Здесь ненависть становится частью моей жизни. Массивные бетонные стены и прочные стальные двери максимальной безопасности держат меня уже слишком долго. Каждая секунда моего существования в этих мрачных коридорах — это справедливость, которую я заслужил. Но это не делает это место менее ужасным.
Комната, где я провожу время, напоминает холодный склеп. Единственное постельное принадлежит — это бетонная койка без подушки и ужасный запах санитарного бачка. Одежда царапает кожу, а стены с болезненным зеленоватым оттенком отражают мерцающий свет ламп. Дверь, окрашенная в тот же цвет, что и пол, кажется сделанной из свинца — может, если много раз слизать, смогу убить enough мозговых клеток, чтобы забыть, что я здесь?
Мой единственный источник утешения — это блокнот и карандаш. Доступ к ним я заработал долгими годами хорошего поведения. Карандаш тупой, без ластика, как те, что используют гольфисты. Разрешают пользоваться четыре часа в день — после завтрака и до обеда. Если странички порвешь или карандаш сломается — завтра без удовольствия писать не о чем. Но это лучше, чем полное отсутствие развлечений.
Да, я заслуживаю всего этого. Каждую секунду здесь я понимаю, что это ад. Но факт остается фактом — я убийца.
Точных подсчетов нет, но я точно убил двадцать человек. Это ключевой номер для меня — чисто и ровно. 20. Два и ноль. Двадцать. Четные числа — мое спокойствие. 21 было бы ужасно, 15 приемлемо, но двадцать — идеально. Иногда во время шопинга я брал продукты таким образом, чтобы общее число было кратно пяти. Но убийства были другим делом.
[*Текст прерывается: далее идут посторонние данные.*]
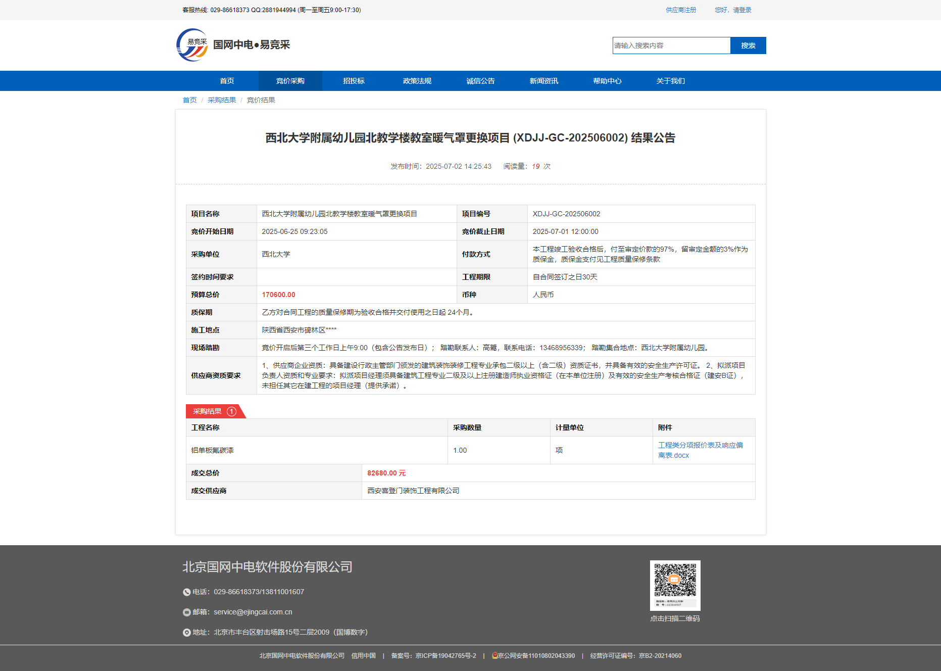 星空app官网附属幼儿园北教学楼教室暖气罩更换项目 (XDJJ-GC-202506002) 结果公告

Проблема была в зуде между числами. От 1 до 4 и от 6 до 9 мое сознание страдало. Пятки были терпимы, десятки — идеальны. Но 20 всегда привлекал внимание. Возможно, именно это и привело к моему аресту. Но нужно было почесать этот зуд. Это чувство напоминало жажду вампиров из старых ужасов — боль, которую невозможно утолить.
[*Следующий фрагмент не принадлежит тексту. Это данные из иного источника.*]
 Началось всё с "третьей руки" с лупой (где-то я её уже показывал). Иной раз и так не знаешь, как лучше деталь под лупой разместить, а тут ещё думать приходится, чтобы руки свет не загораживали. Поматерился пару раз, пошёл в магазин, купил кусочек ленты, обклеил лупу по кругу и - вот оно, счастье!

Мое привыкание к четным числам началось еще в детстве. Даже возраст — 40. Мне нужно было дожить до полных четырех десятков. Без четных чисел я чувствовал себя неуверенно. Это было нечто большее, чем просто привычка — это была потребность.
Первое убийство произошло, когда мне было двенадцать. Я шел домой через лес, где редко хаживали дети. Там я наткнулся на мужчину, раненного в аварии. Он уже искал конец, но я ускорил его приход. Это было просто. Никакого чувства вины — только острые ощущения. Тот человек так и не попался. Горы северных районов обеспечивали мне укрытие.
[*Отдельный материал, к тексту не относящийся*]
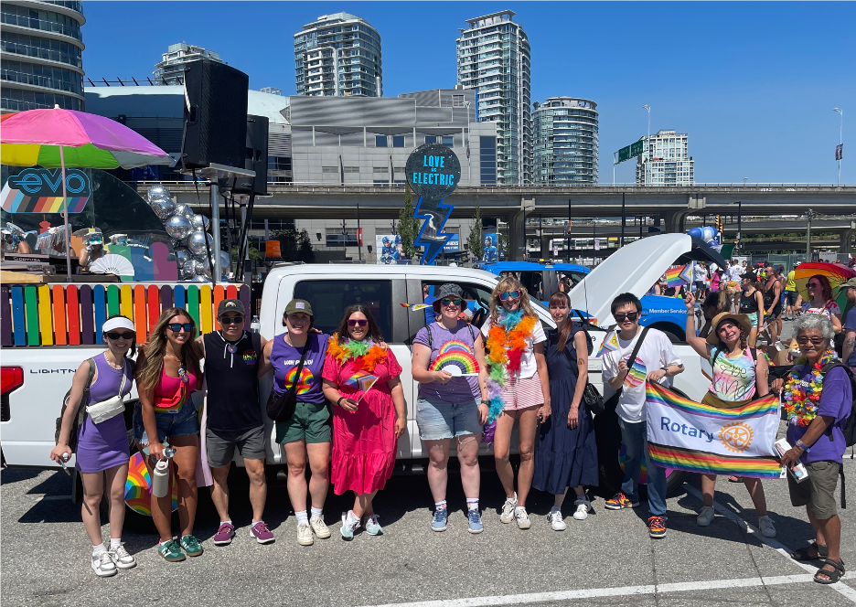 Loud and proud described the vibe as a group of Rotarians, including District Governor Nominee Dean Hsieh, Ron, and some of our youth members hoisted the Rotary Pride Banner at the August 4th Vancouver Pride Parade.

Постепенно это усилилось. Я учился скрывать свою истинную сущность. Кажется, в этом я был мастером. Я выглядел нормально — старался помочь всем, улыбался, говорил вежливо. А между тем я собирал осколки своих жертв. Моя сеть перевозок давала мне свободу передвижения. Я был хозяином — и этим пользовался.
Мне ненавидят всех. Но особенно тех, кто не похож на меня. Это не про расы — это про слабость. Я использую их доверчивость, их необходимость верить в добро. Как блохи на шее у слепца.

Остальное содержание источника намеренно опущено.